Решающее различие между орудиями труда и машинами всего лучше осмыслить, вдумавшись в нескончаемые дискуссии о том, должен ли человек приспособиться к машинам или на­оборот гуманнее было бы приспособить машины к „природе" человека. Главную причину неисправимой бесплодности подоб­ных дискуссий мы уже упомянули в первой главе: поскольку человек есть обусловленное существо в том смысле что всякая вещь, находит ли он ее или сам изготовляет, сразу становится для него условием его существования, то он естественно и к машинному окружению приспособился, позволил ему обуслов­ливать себя в тот самый момент, в какой их изобрел. Машины сегодня не менее безусловное условие нашего существования чем инструменты и орудия для всех прежних эпох. Интерес этой дискуссии заключается не столько в головоломке, вокруг которой она вращается, сколько в том, что подобный вопрос вообще мог быть поднят. В самом деле, ни один человек никог­да не ломал себе голову над тем, должен ли человек подобаю­щим образом приспособиться к применяемому им топору или наоборот надо топор приспособить к его природе, сделав его более гуманным. Это звучало бы точно так же смехотворно, как предложение привести человека и его руки в подобающее со­отношение друг с другом. С машинами по-настоящему случай совсем другой. В отличие от орудия, которое в каждый отдель­ный момент остается подчинено изготовляющему движению руки и служит ей как средство, машина требует от рабочего чтобы он ее обслуживал и подлаживал ритм своего тела к ее механическому движению. Это разумеется никоим образом не значит, как зачастую думают, будто человек как таковой меха­низируется или вынужден опуститься до рабства у машин; но безусловно верно то, что пока длится работа за станком, меха­нический процесс заступает на место телесного ритма и что че­ловек неким образом должен был уже привыкнуть к этому рит­му машин, когда замыслил, хотя бы лишь в уме, такую вещь как машины. Самый утонченный инструмент остается слугой своего хозяина, не будучи в состоянии водить его рукой или ее заменить. Но даже самая примитивная машина руководит ра­ботой тела, пока в конце концов полностью не вытесняет ее.

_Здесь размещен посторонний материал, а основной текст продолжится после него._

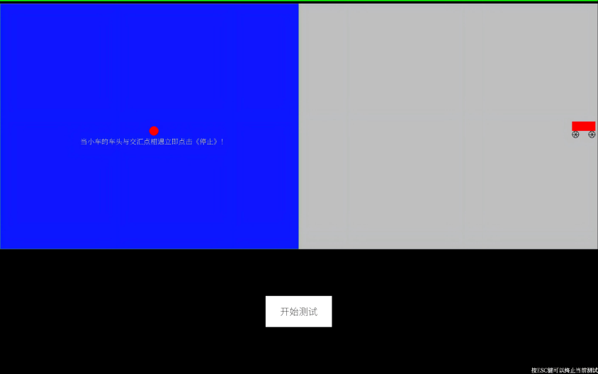 下面我们开始进行运动知觉测试,屏幕上有一辆汽车、一个障碍物,障碍物上有一个交汇点。点击《开始测试》按钮后汽车会由左向右匀速移动,请注意汽车的速度,当汽车进入障碍物后,需要根据汽车的速度来判断它的位置,感觉小车达交汇点时,请立刻点击《停止》。测试将进行3轮,每轮3次,每一轮小车行驶速度会加快。
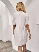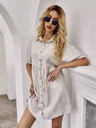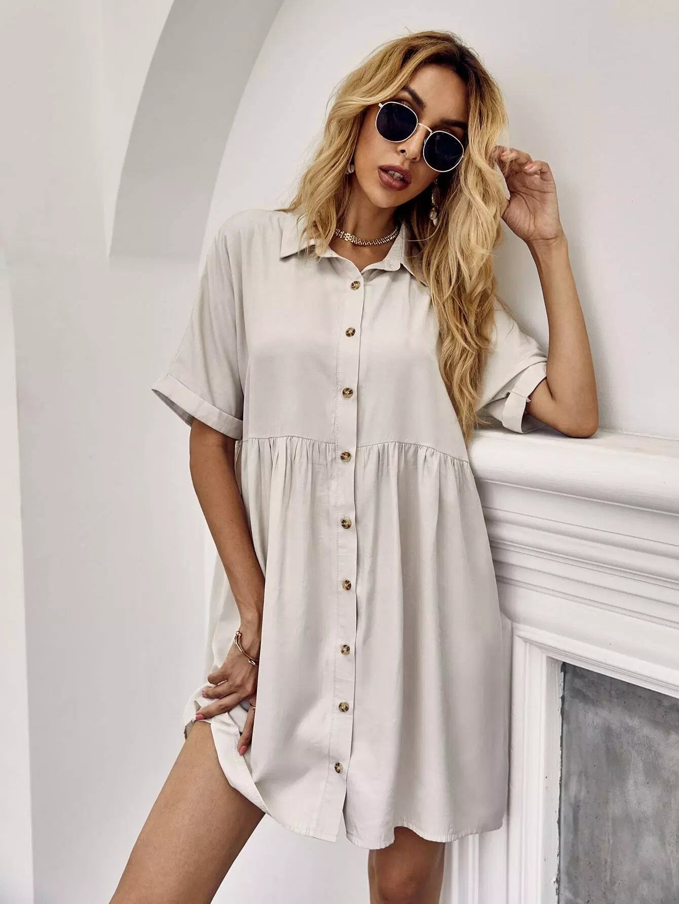 فستان بأكمام بأزرار أمامية بأزرار بأكمام باتوينغ

Историк слишком хорошо знает, что смысл исторических процессов большей частью обнаруживается лишь тогда, когда они достигают своего завершения, но никогда не поддается распознанию, прежде чем событие достигнет наибольшего раз­маха. Так же и в нашем случае действительное значение техни­ки, т. е. вытеснения инструментов и орудий машинами, прори­совывается, похоже, лишь в том, что мы предвосхищающе пред­видим в качестве непосредственно предстоящей нам итоговой стадии всего этого развития, а именно в автоматике. Если от этой ожидаемой окончательной стадии бросить взгляд вспять на развитие новоевропейской техники, то оно окажется состоящим пожалуй из таких трех ступеней. На первой стадии, кото­рая под знаком паровой машины непосредственно ввела Евро­пу в промышленную революцию, человек с помощью машины подражал процессам природы или же непосредственно пользо­вался для этой цели природными энергиями; в обоих случаях еще не было принципиального отличия от водяных и ветря­ных мельниц, с незапамятных времен улавливавших для чело­века определенные силы природы, ставя их на службу ему. Новостью была не паровая машина, а открытие и эксплуата­ция каменноугольных пластов земли, благодаря которым был получен горючий материал, позволивший применить принцип паровой машины'-'. Машинные орудия этой начальной стадии демонстрируют на свой манер то же самое подражание при­родной данности; они тоже имитируют и умножают силу чело­веческой руки. Именно это сегодня считают ошибкой в пони­мании существа машины, родом короткого замыкания, которо­го надо в любом случае избегать. Ни при каких обстоятельствах проектирование машин не может руководствоваться целью за­менить руки рабочего или подражать движениям руки того, кто машину обслуживает.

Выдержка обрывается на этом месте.